Data excerpts
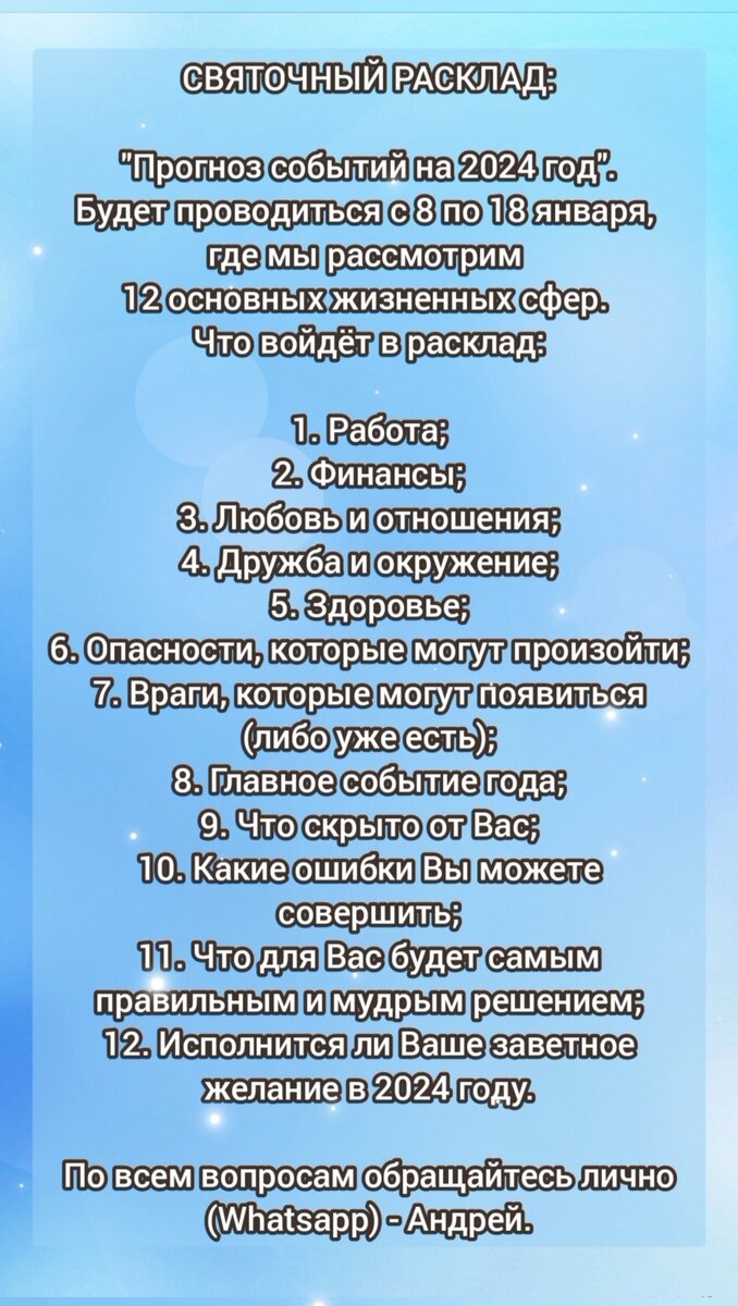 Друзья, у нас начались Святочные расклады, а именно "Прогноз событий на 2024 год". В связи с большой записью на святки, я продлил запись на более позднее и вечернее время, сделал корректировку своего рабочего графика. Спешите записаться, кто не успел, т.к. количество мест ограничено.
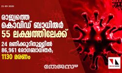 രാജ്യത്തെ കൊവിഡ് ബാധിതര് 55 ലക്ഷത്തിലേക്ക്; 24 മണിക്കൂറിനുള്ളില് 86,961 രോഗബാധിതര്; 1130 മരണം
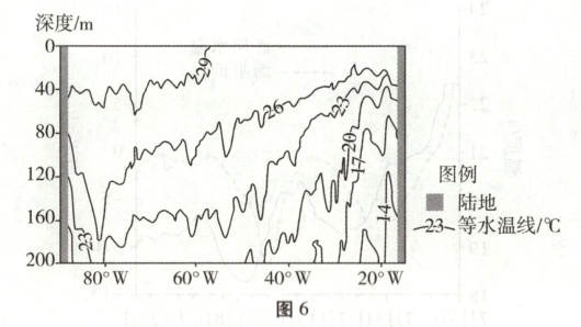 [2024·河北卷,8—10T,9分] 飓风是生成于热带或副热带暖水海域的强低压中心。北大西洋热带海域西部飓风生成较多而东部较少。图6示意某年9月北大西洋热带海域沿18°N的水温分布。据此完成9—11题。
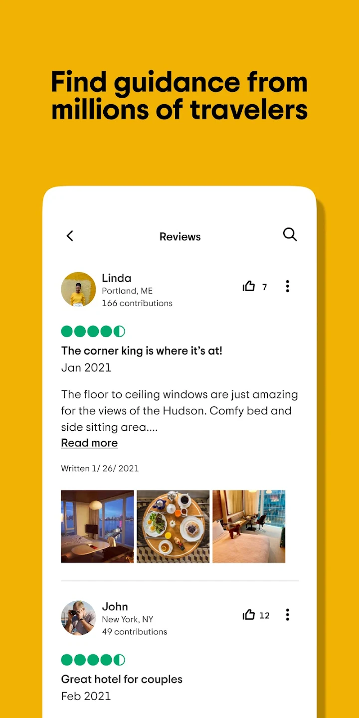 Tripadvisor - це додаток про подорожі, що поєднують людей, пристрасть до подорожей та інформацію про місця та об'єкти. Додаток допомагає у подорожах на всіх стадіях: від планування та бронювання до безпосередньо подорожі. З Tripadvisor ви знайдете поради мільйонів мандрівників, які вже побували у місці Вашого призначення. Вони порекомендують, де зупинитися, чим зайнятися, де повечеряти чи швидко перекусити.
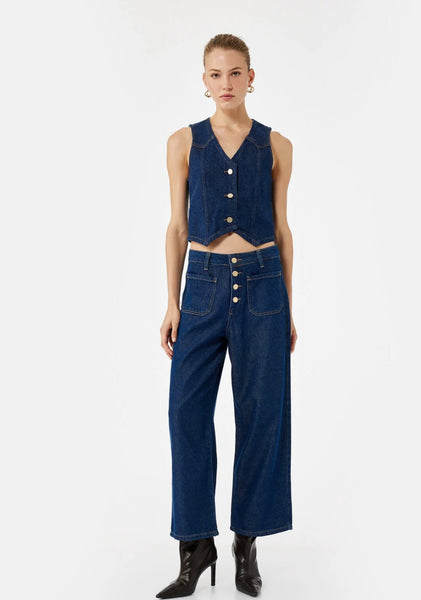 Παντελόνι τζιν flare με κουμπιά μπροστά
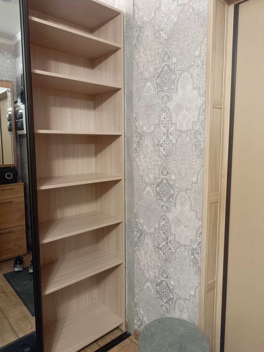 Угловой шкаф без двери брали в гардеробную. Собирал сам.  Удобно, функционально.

__WORK INSTRUCTION__.
Would you copy out, exactly and with no pictures, only the lines above from the one that contains "രാജ്യത്തെ കൊവിഡ് ബാധിതര്" through the one that contains "[2024·河北卷,8—10"?

__EXERCISE RESULT__.
 രാജ്യത്തെ കൊവിഡ് ബാധിതര് 55 ലക്ഷത്തിലേക്ക്; 24 മണിക്കൂറിനുള്ളില് 86,961 രോഗബാധിതര്; 1130 മരണം
 [2024·河北卷,8—10T,9分] 飓风是生成于热带或副热带暖水海域的强低压中心。北大西洋热带海域西部飓风生成较多而东部较少。图6示意某年9月北大西洋热带海域沿18°N的水温分布。据此完成9—11题。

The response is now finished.